Concierge telemedicine has emerged as a way for the health care industry to capitalize on specialized initiatives that use advanced medical devices. Telemedical technology allows health care professionals and doctors to treat, diagnose and monitor patients from remote locations using connected devices.
High-end concierge telemedicine practices combine with medical institutions to try to find a balance between technological devices and personalized care. Often, telemedicine relies too heavily on technology and focuses too little on doctors maintaining relationships with patients. Remote devices aid doctors in diagnosing medical maladies, but these nifty bits of technology should not be the first line of care.
The doctor-patient relationship, or "peopleware," remains the most important factor with respect to concierge telemedicine, with doctors and health care groups attempting to balance medical technology with distant people.
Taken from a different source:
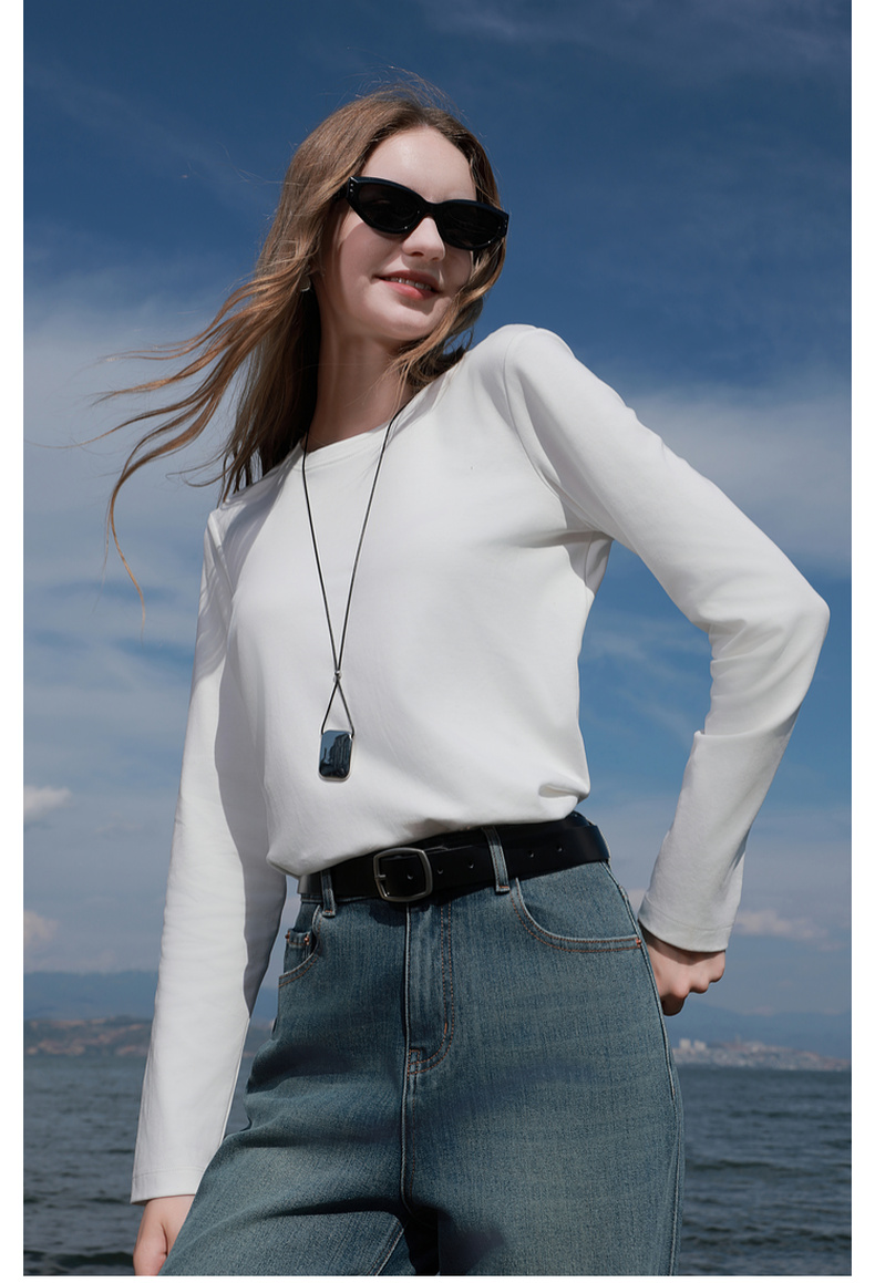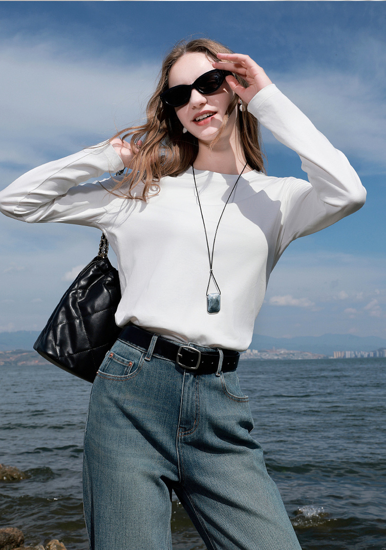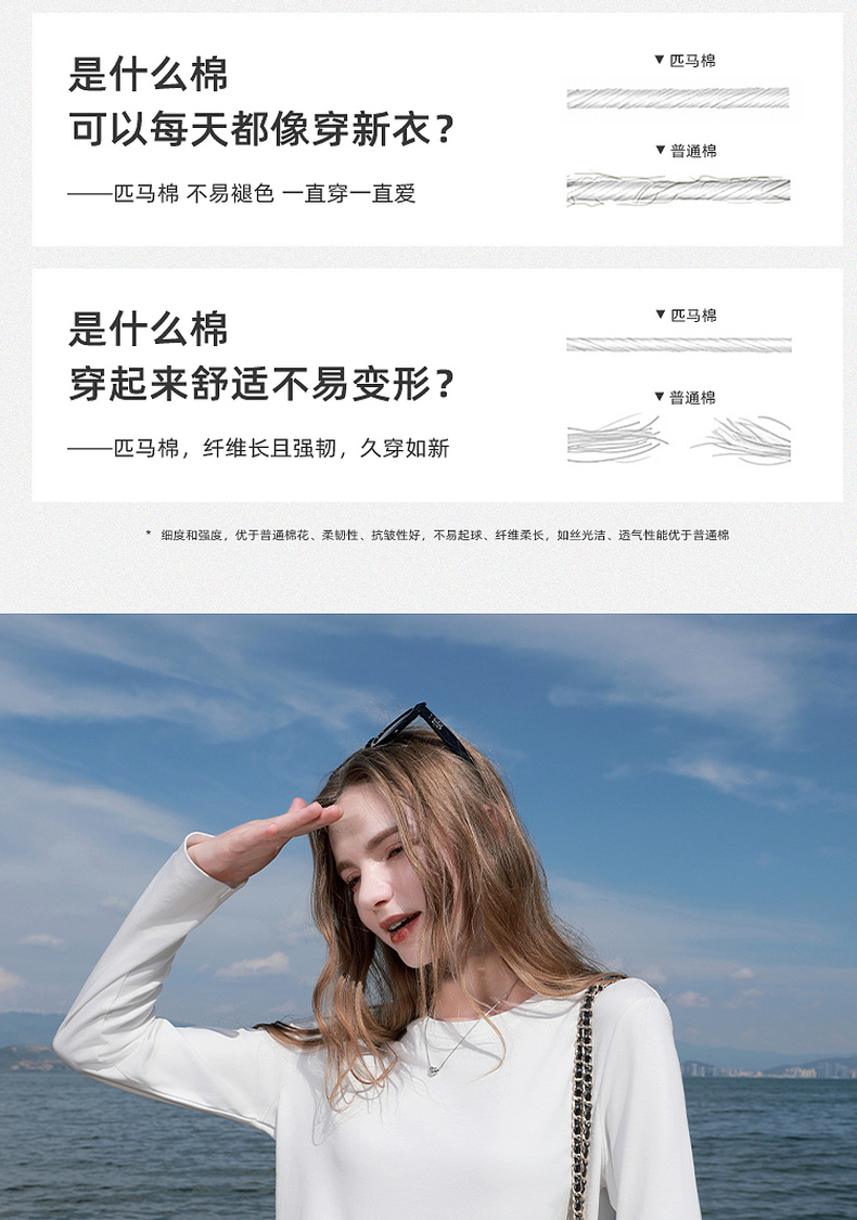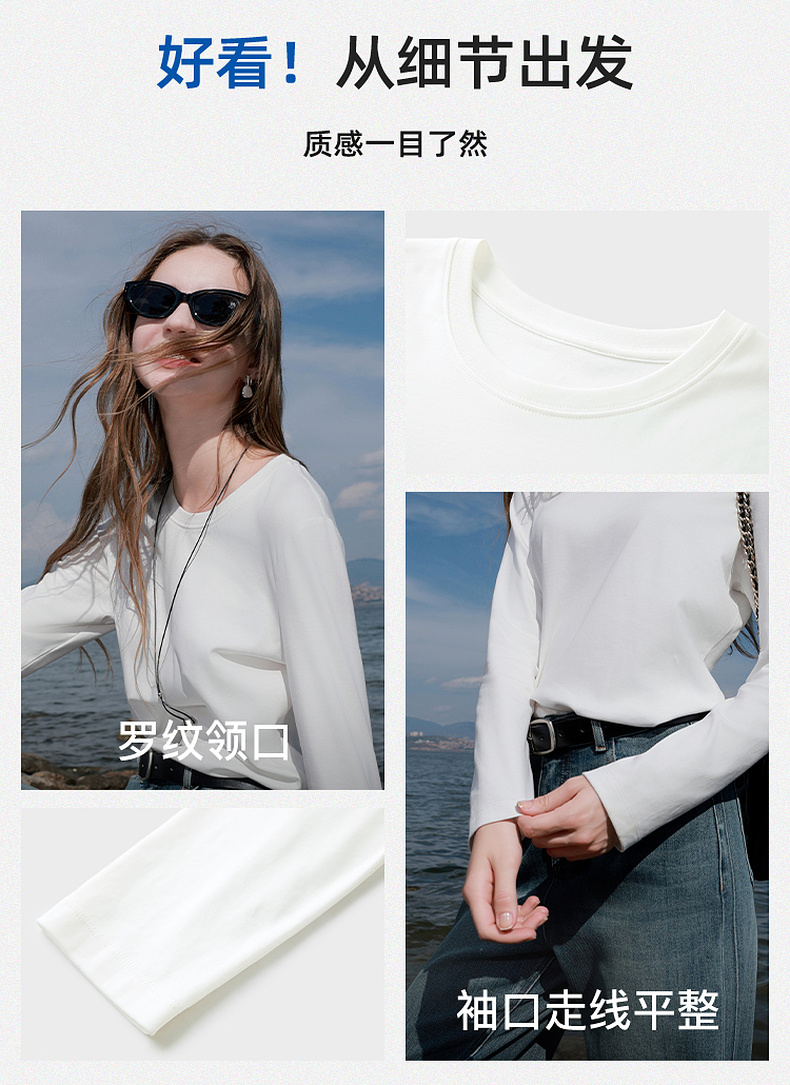 【匹马棉】三彩2026春季新款纯棉T恤圆领正肩长袖内搭Z

Many handy medical devices have been created to service telemedical needs, yet companies and doctors cannot focus too much on these technological wonders. Having instant access to a patient's vital signs is great, but there still needs to be a human touch present in a patient's overall care strategy. Trust, compassion and relationships cannot be built through wires, hard drives and communication links.
Telemedicine should focus on using technology to supplement care, not replace it. Expensive concierge medicine charges patients a subscription fee to have access to services and practitioners. High-end, primary-care practices can charge patients for needs required monthly or yearly. As with insurance companies, not everyone needs a doctor's care all of the time. That way, doctor's offices can capitalize on times when people do not need care.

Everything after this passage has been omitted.